If it was night, I might just watch the store from across the street, but it’s the middle of the afternoon. There’s no way I wouldn’t be noticed hanging around. Besides, sitting in a broiling-hot car all day isn’t stalking. It’s a stakeout.
STAKEOUTS ARE BORING. I’ve been on them before and they never get any better. I have a beer and some ice cream to cool down, then some sliced ham to keep my strength up. I forgot to buy bread or mustard, so I shove the naked slices in my mouth one by one. I think of every old joke about how divorced guys are supposed to live. All I need are some week-old pizza boxes around to complete the look.
Even with the cold food and beer in my belly, I still feel hot. I shrug off my coat and it’s better for about a minute, but half of me is still mummified in cling wrap. I turn on the car and run the air conditioner for a while. It helps, but after half an hour, the engine starts to overheat, so I have to turn the damn thing off. The air outside is dead, so opening the windows doesn’t help.
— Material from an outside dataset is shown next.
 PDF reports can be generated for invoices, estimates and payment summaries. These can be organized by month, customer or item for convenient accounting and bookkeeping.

Eventually, there’s nothing left to do but take one of the bags of ice from the cooler and hold it in my lap like I’m trying to nurse it.
This might be the most pathetic day of my life.
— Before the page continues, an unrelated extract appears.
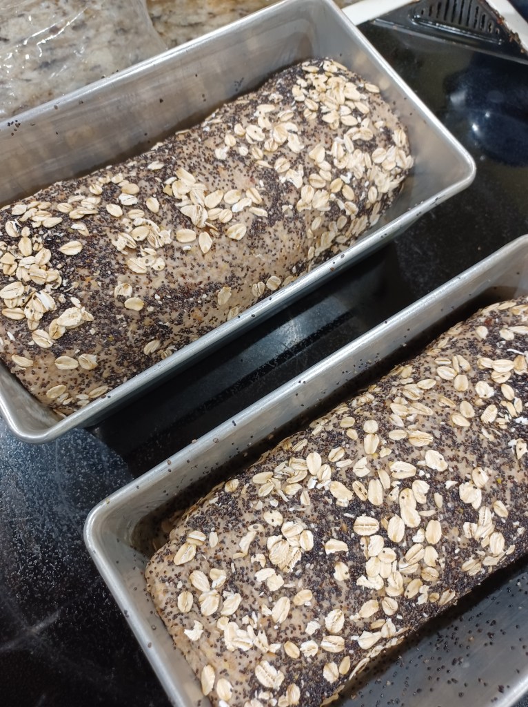 Now place each loaf into a pan, cover lightly with plastic and let rise till nearly doubled in size.
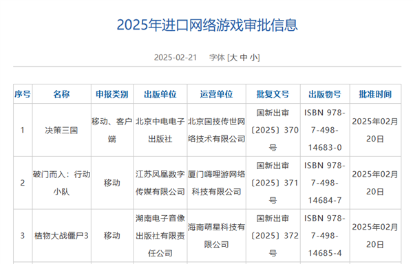 快科技2月21日消息,今日,国家新闻出版署发布2025年2月份游戏审批信息,其中有110款国产游戏、3款进口游戏获批。

I wonder if this is one of those things they call a “teachable moment.” What it’s supposed to teach me, I have no idea. Maybe that I should have stolen an ice-cream truck? Anyway, there’s nothing at all humiliating about clutching ten pounds of ice like your firstborn while the damn bag leaks all over your crotch so it looks like you pissed yourself with joy. I crack open another beer to celebrate fatherhood and keep reminding myself that I’m doing this for Candy.
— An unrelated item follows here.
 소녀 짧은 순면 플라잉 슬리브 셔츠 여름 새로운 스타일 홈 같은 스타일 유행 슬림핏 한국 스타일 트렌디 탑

What the hell am I going to do about Howard? I can’t kill him and he knows it. I can’t trust him, but I can’t let him go either because then the faction will get him. Should I tell him he’s on the kill list? Would that make things better or worse? I don’t need him making dumb decisions and he’s plenty scared now. If he was even more frightened, he might go off the rails completely. I need to think about it.
I check my phone. Nothing from Ray yet.
Tick-tock. Tick-tock.
The street cools down a little after dark. I put my coat back on. I’m parked halfway down the block from Max Overdrive, so when a car ahead of me pulls away, I move up the Subaru. Now I’m only one house down from the store.
I’m smoking one of my last Shermans—I forgot to buy cigarettes too—when Candy sticks her head in the driver-side window and yells at me. I’m not used to Candy screaming right in my face and it’s even weirder when she’s wearing her Chihiro glamour.
“Who the fuck are you and why have you been watching us all day?” she shouts. Then, “And why do you have a bag of ice in your lap?”
She must have spotted me and gone out the back of the store and around the block to sneak up on me. Good for her. I deserve to be yelled at for not watching my rear.
Now I’m more glad than ever that I put on the glamour. I’ve been going over it all day, whether I should reveal myself since it might be the last time we ever see each other. But that’s junior high romance-novel stuff. She doesn’t need to see me die again. And if I do live, I don’t know if my body is ever going to be right again. I mean, even if I figure out what Ludovico’s Ellicit is and get cured, I might look like Freddy Krueger’s foreskin forever.
She’s getting angrier by the second. I have to tell her something.
I say, “Thomas Abbot sent me. He’s worried about you.”